Validação Contínua das Capacidades de Monitorização
No último ano, a Arkham desempenhou um papel central de inteligência em vários incidentes on-chain de grande dimensão, sendo o valor da sua plataforma reiteradamente confirmado em cada crise.
Lazarus Group e 700 milhões $ em fundos rastreados. Em fevereiro de 2025, o investigador on-chain ZachXBT recorreu ao sistema de recompensas da Arkham para submeter provas conclusivas que confirmaram a autoria do Lazarus Group da Coreia do Norte no ataque de 1,5 mil milhões $ à Bybit, recebendo uma recompensa de 50 000 ARKM. Após o ataque, a Arkham continuou a monitorizar as reservas on-chain do Lazarus Group—cerca de 13 518 BTC, avaliados em aproximadamente 1,13 mil milhões $. Em 2026, a escala e frequência dos ataques do Lazarus Group intensificaram-se ainda mais. De acordo com relatórios da Arkham, nos primeiros quatro meses de 2026, o Lazarus Group roubou cerca de 577 milhões $ em ataques à KelpDAO (aproximadamente 292 milhões $) e à Drift Protocol (cerca de 285 milhões $), representando mais de 70 % das perdas globais em cripto nesse período. Dados da TRM Labs confirmaram ainda que as perdas totais por hacking em cripto durante o mesmo período atingiram cerca de 651 milhões $, dos quais aproximadamente 577 milhões $ foram atribuídos à Coreia do Norte—76 % do total. As capacidades de desanonimização e rastreio da Arkham foram, nestes eventos, demonstradas como nunca antes.
Deteção em tempo real da infiltração de IT workers do Lazarus. Em dezembro de 2025, investigadores de segurança utilizaram a infraestrutura da Arkham para monitorizar em tempo real as operações de infiltração da divisão Famous Chollima do Lazarus Group. Esta operação recorria a roubo de identidade e engenharia social para colocar trabalhadores de TI norte-coreanos em empresas financeiras e de cripto nos EUA, afetando mais de 100 empresas e 80 identidades norte-americanas roubadas. O Departamento de Justiça dos EUA recuperou posteriormente mais de 15 milhões $ em penalizações.
Identificação pública das reservas da Strategy. Em maio de 2025, a Arkham começou a identificar endereços de carteiras de Bitcoin pertencentes à Strategy (anteriormente MicroStrategy), apesar de Michael Saylor ter afirmado anteriormente que "nunca revelaria endereços". A Arkham confirmou 70 816 BTC pertencentes à Strategy e expandiu as reservas identificadas para cerca de 507 000 BTC, avaliados em aproximadamente 54,5 mil milhões $—87,5 % das reservas divulgadas publicamente pela empresa.

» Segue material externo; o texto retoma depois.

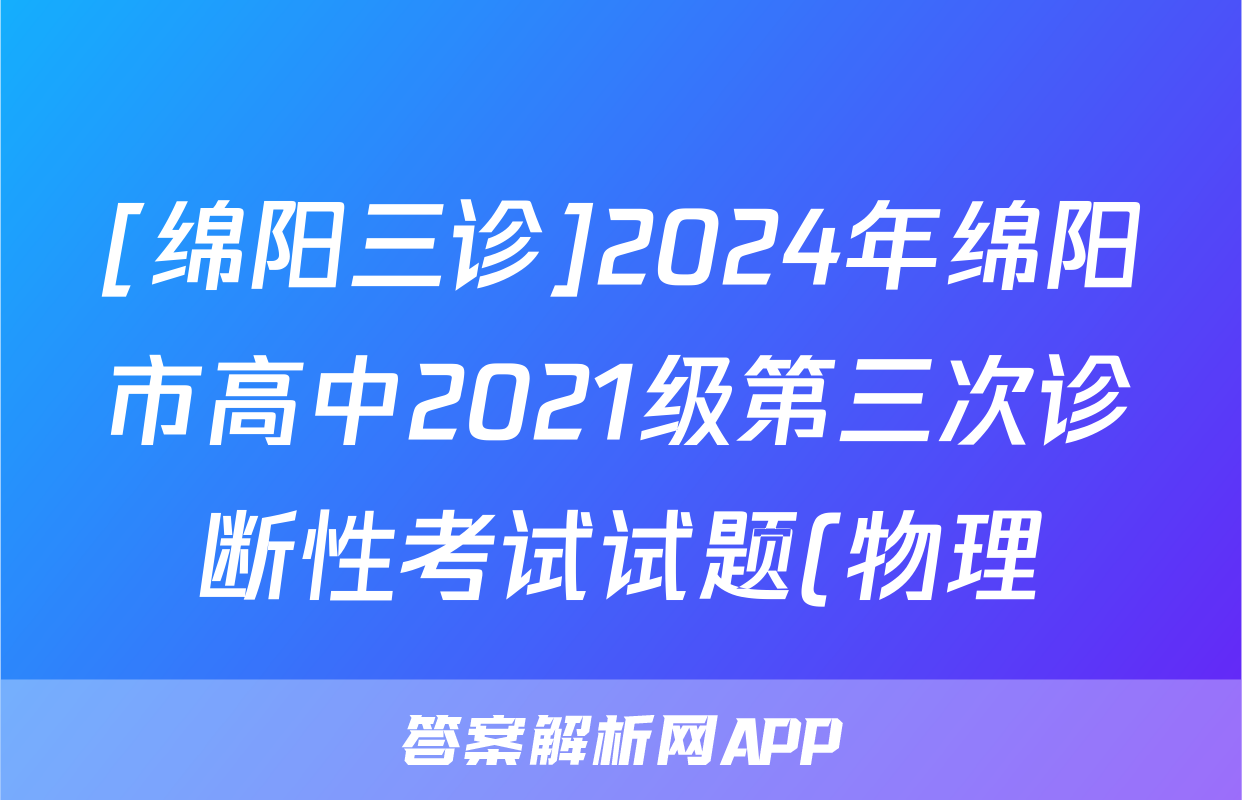 [绵阳三诊]2024年绵阳市高中2021级第三次诊断性考试试题(物理)正在持续更新,目前2026届黄冈八模答案网为大家整理了相关试题及答案,供大家查缺补漏,高效提升成绩。
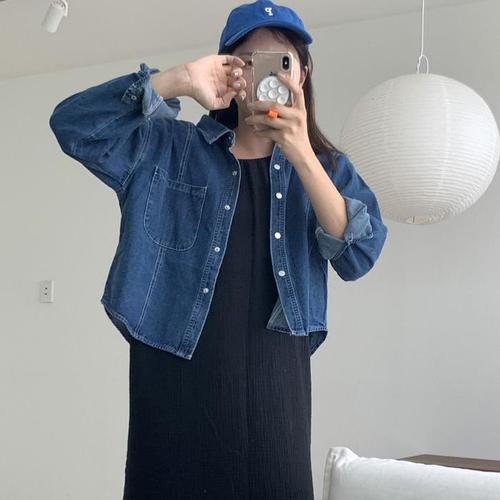 [다잇템]여자 진 잇템 FW 진셔츠 롱슬리브 주머니 셔츠 (18014075A)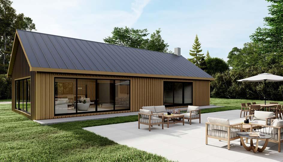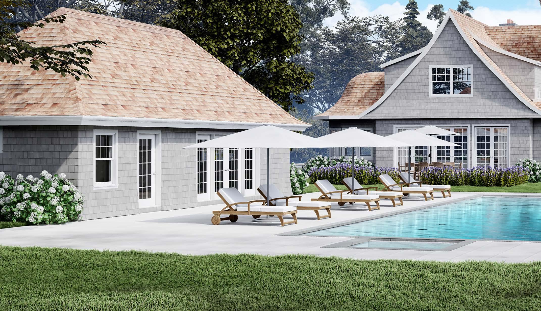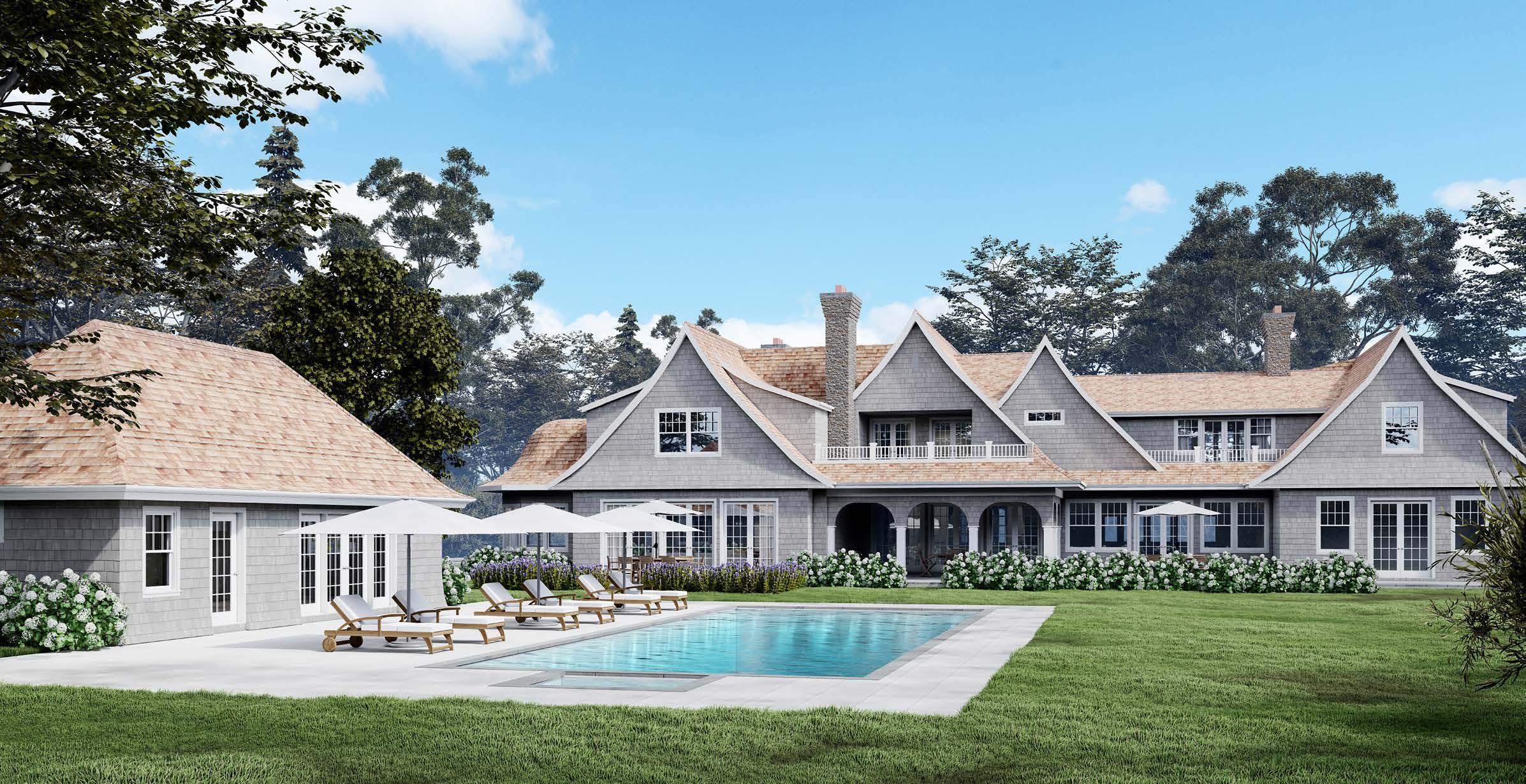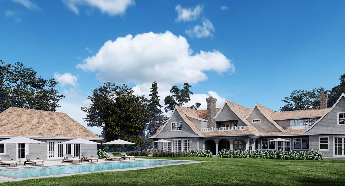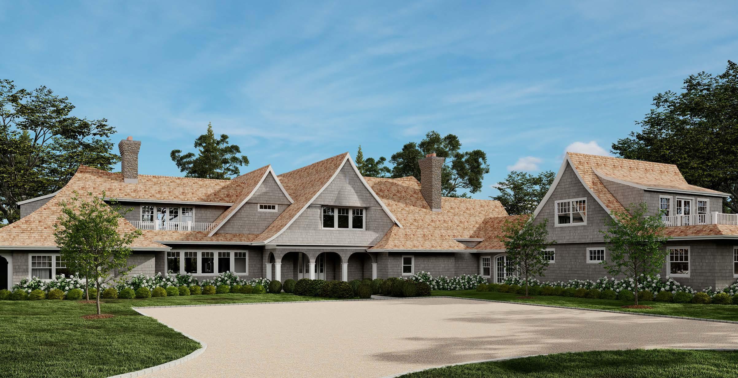 A private entry lane opens up to a striking peaked home with sweeping roof lines, and architecture melding classic Hamptons with transitional features.

Outros casos de monitorização relevantes. Incluem o acompanhamento em tempo real dos fluxos de ativos ligados à FTX-Alameda, o rastreio das liquidações on-chain da posição de cerca de 100 milhões $ de James Wynn na Hyperliquid e, em dezembro de 2025, o avanço da Ultra AI na análise da camada de privacidade da Zcash—rotulando 53 % das transações da Zcash e abrangendo 420 mil milhões $ em fluxos históricos.

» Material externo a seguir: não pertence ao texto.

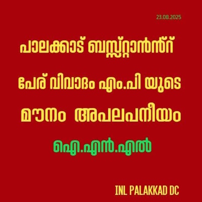 തന്റെ മണ്ഡലത്തിൽ നടക്കുന്ന പ്രധാനപ്പെട്ട ഒരു പരിപാടിയിൽ മുഖം കാണിക്കാൻ പോലും പറ്റാത്ത സദാചാര വിരുദ്ധ പ്രവർത്തനങ്ങളിൽ പെട്ട് ഒളിവിൽ കഴിയേണ്ടി വന്ന യു.ഡി.ഫ് എം.എൽ.എ യുടെ ഗതികേടുമാണ് പ്രധാന പ്രതിപക്ഷമായ യു.ഡി.എഫിന് ഈ വിഷയത്തെ എതിർത്ത് സംസാരിക്കാനുള്ള ധാർമികത നഷ്ടപ്പെട്ട ഗതികേടിലാണ് യു.ഡി.എഫ് നേതൃത്വമെന്നും ഐ.എൻ.എൻ ജില്ലാ എക്സിക്യൂട്ടിവ് യോഗം കുറ്റപ്പെടുത്തി. നഗരസഭാ ഭരണത്തിന്റെ മറവിൽ സംഘപരിവാർ അജണ്ട നടപ്പിലാക്കാനുള്ള ബി.ജെ.പിയുടെ ശ്രമത്തിനെതിരെ ജനാധിപത്യ മതേതര പ്രസ്ഥാനങ്ങൾ രംഗത്ത് വരണമെന്ന് യോഗം ആവശ്യപ്പെട്ടു.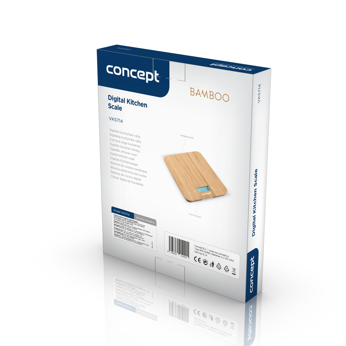 <b><p>Poškozený vnější obalový materiál. Výrobek je nový a nepoužívaný, ve 100% technickém a funkčním stavu s plnou zárukou 24 měsíců. Na tuto položku se nevztahují slevové akce a dárky.</p> </b> Digitální kuchyňská váha Concept VK5714 Bamboo nabízí nostnost 15 kg s přesností na 1 g. Je vybavena LCD displejem, budíkem, minutkou a disponuje praktickou funkcí pro dovažování tare. Vybírat můžete ze 4 jednotek - g/kg/oz/lb.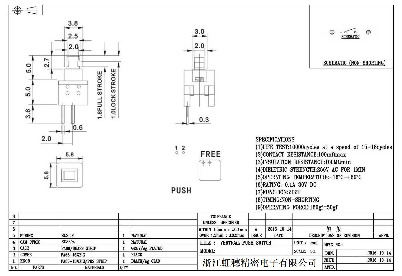 自鎖開(kāi)關(guān)技術(shù)參數(shù):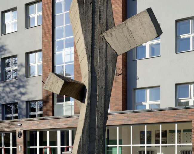 Architekt Josef Hrejsemnou si k realizace uměleckého díla v předprostoru hlavního průčelí výpravní budovy vybral sochaře Václava Urubu, který ve 2. polovině 60. let tvořil betonové plastiky v brutalistickém stylu. Jedno ze svých vrcholný děl realizovali právě před havířovským nádražím.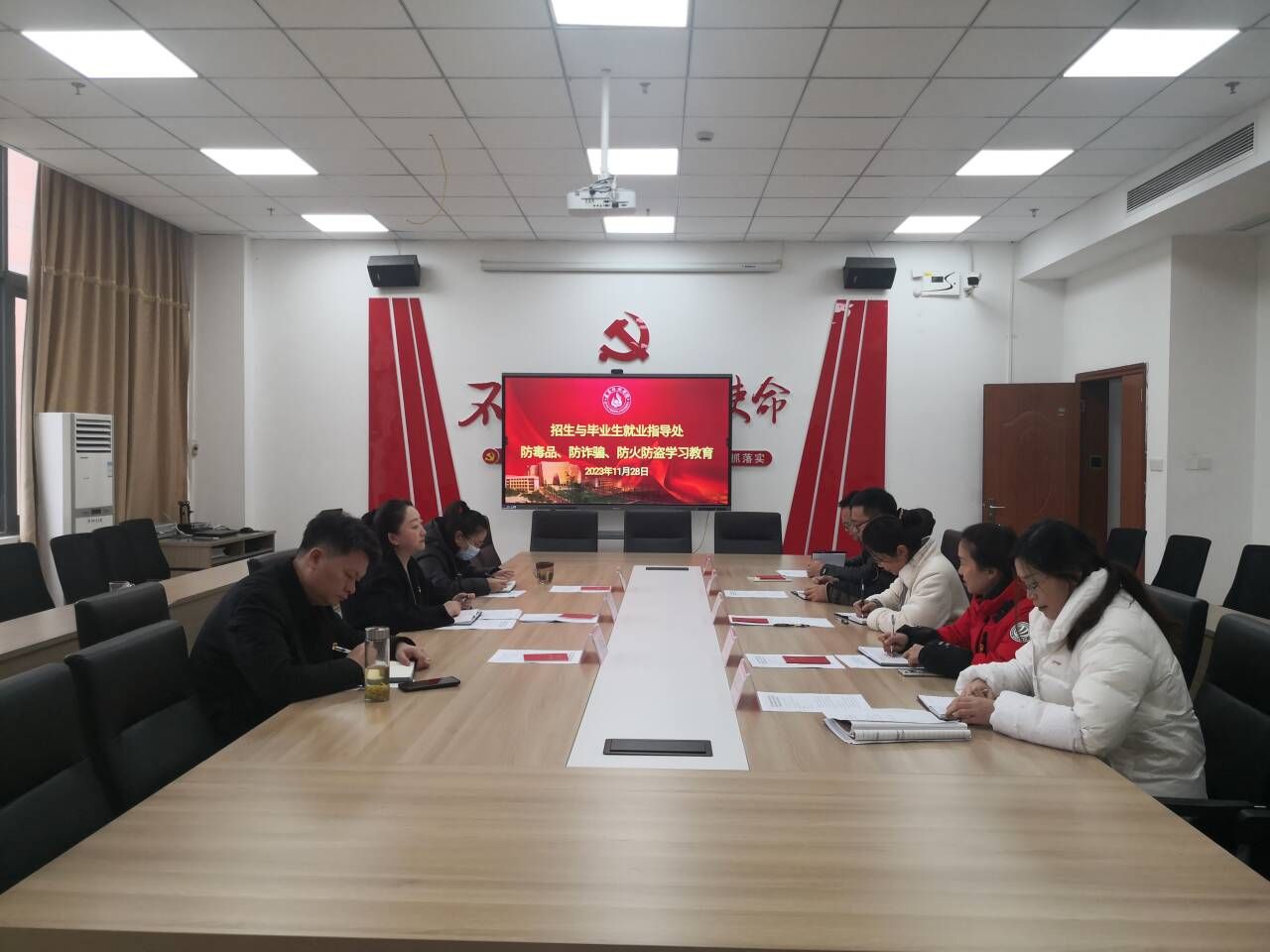 为了增强我部门教职工的禁毒、反电信诈骗、防火防盗意识,招生与毕业生就业指导处于2023年11月28日在学生中心大楼419会议室开展了防毒品、防诈骗、防火防盗等学习教育活动。招就处全体教职工参加,会议由李静处长主持。

De Motor de Desanonimização a Mercado de Inteligência
A trajetória de desenvolvimento da Arkham Intelligence reflete a evolução do sector dos dados on-chain, que passou da "consulta de endereços" para a "associação de entidades" e, finalmente, para a "inteligência como produto transacionável".
Fundação e bases técnicas (2020–2022). A Arkham foi fundada em 2020 por Miguel Morel, também cofundador da Reserve Protocol, com a missão central de colmatar a assimetria de informação resultante do carácter público mas anónimo das transações em blockchain. A equipa investiu fortemente no desenvolvimento da Ultra—um motor de correspondência de endereços baseado em redes neuronais gráficas multimodais, que associa endereços on-chain a entidades reais através da análise de carimbos temporais de transações, distribuição de valores, caminhos de swaps e outros padrões comportamentais.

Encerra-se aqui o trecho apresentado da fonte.